66 RANDOM NUMBERS 3.3.2 Given any permutation on n elements, let Z,, = 1 if position i is the beginning of an ascending run of length p or more, and let Zpi = 0 otherwise. For example, consider the permutation (9) with n = 10; we have and all other Z s are zero. With this notation, R; = Z,I + Z,2 + . . . + z,n (12) is the number of runs of length > p, and Rp=R;-R;+l (13) is the number of runs of length p exactly. Our goal is to compute the mean value of Rp, and also the covariance covar(RP, R4) = mean((RP -mean(R,))(R, -mean(R, which measures the interdependence of Rp and R,. These mean values are to be computed as the average over the set of all n! permutations. Equations (12) and (13) show that the answers can be expressed in terms of the mean values of Z,, and of ZpiZql, so as the first step of the derivation we obtain the following results (assuming that i < j): Zpi = (P + hlMP + 1)!1 ifisn-p+l; otherwise. 3 (0 il: + wql(P + lY(q + l)!, ifi+p 1. Note that Z~iZ ~~ is either zero or one, so the summation consists of counting all permutations Ur Us . . . U, for which Z,, = .Z ,j = 1, that is, all permutations such that a-1 > u% < . < Uifp-1 > Ui+p < . . . < Ui+p+q-l. (15) The number of such permutations may be enumerated as follows: there are (P+q+l n ) ways to choose the elements for the positions indicated in (15); there

3.3.2 EMPIRICAL TESTS 65 G. Run test. A (My web server)

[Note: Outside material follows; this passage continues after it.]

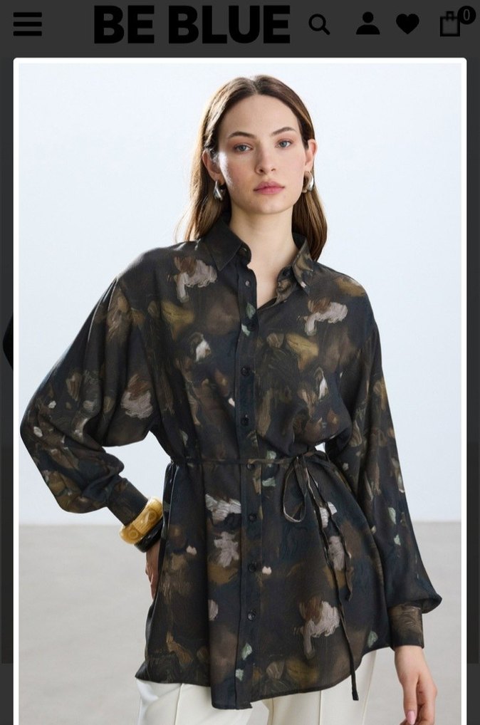 Kadınlar için bol kesim, yakalı ve uzun kollu gömlek. Koyu tonlarda batik desenli, düğmeli ve ipeksi kumaştan. Belde ayarlanabilir bağcık bulunur. Rahat günlük kullanım için uygun. Markası beblue

Friday, January 25th, 2008

3.3.2 EMPIRICAL TESTS 65 G. Run test. A sequence may also be tested for runs up and runs down. This means we examine the length of monotone subsequences of the original sequence, i.e., segments that are increasing or decreasing. As an example of the precise definition of a run, consider the sequence of ten numbers 1298536704 ; putting a vertical line at the left and right and between X, and X3+1 whenever X, > X3+1, we obtain /l 2 9181513 6 710 41, (9) which displays the runs up : there is a run of length 3, followed by two runs of length 1, followed by another run of length 3, followed by a run of length 2. The algorithm of exercise 12 shows how to tabulate the length of runs up. Unlike the gap test and the coupon collector s test (which are in many other respects similar to this test), we should not apply a &i-square test to the above data, since adjacent runs are not independent. A long run will tend to be followed by a short run, and conversely. This lack of independence is enough to invalidate a straightforward chi-square test. Instead, the following statistic may be computed, when the run lengths have been determined as in exercise 12: V = k c (COUNT[~] - &,)(couNT[~] -nbY)az3, (10) 11w16 where n is the length of the sequence, and the coefficients at3 and bi are equal to fall a12 a13 a14 a15 a16 (4529.4 9044.9 13568 18091 22615 27892 a21 a22 a23 a24 a25 a26 9044.9 18097 27139 36187 45234 55789 a31 a32 a33 a34 a35 a36 13568 27139 40721 54281 67852 83685 a41 a42 a43 a44 a45 a46 18091 36187 54281 72414 90470 111580 a51 a52 a53 a54 a55 a56 22615 45234 67852 90470 113262 139476 ia61 a62 a63 a64 a65 a66 I= L 27892 55789 83685 111580 139476 172860 (11) (bl bz b3 h b5 b6) = (8 & & +& & &). (The values of az3 shown here are approximate only; exact values may be obtained by using formulas derived below.) The statistic V in (10) should have the chi- square distribution with six (not five) degrees of freedom, when n is large. The value of n should be, say, 4000 or more. The same test can be applied to runs down. A vastly simpler and more practical run test appears in exercise 14, so a reader who is interested only in testing random number generators should skip the next few pages and go on to the maximum-of-t test after looking at exercise 14. On the other hand it is instructive from a mathematical standpoint to see how a complicated run test with interdependent runs can be treated, so we shall now digress for a moment.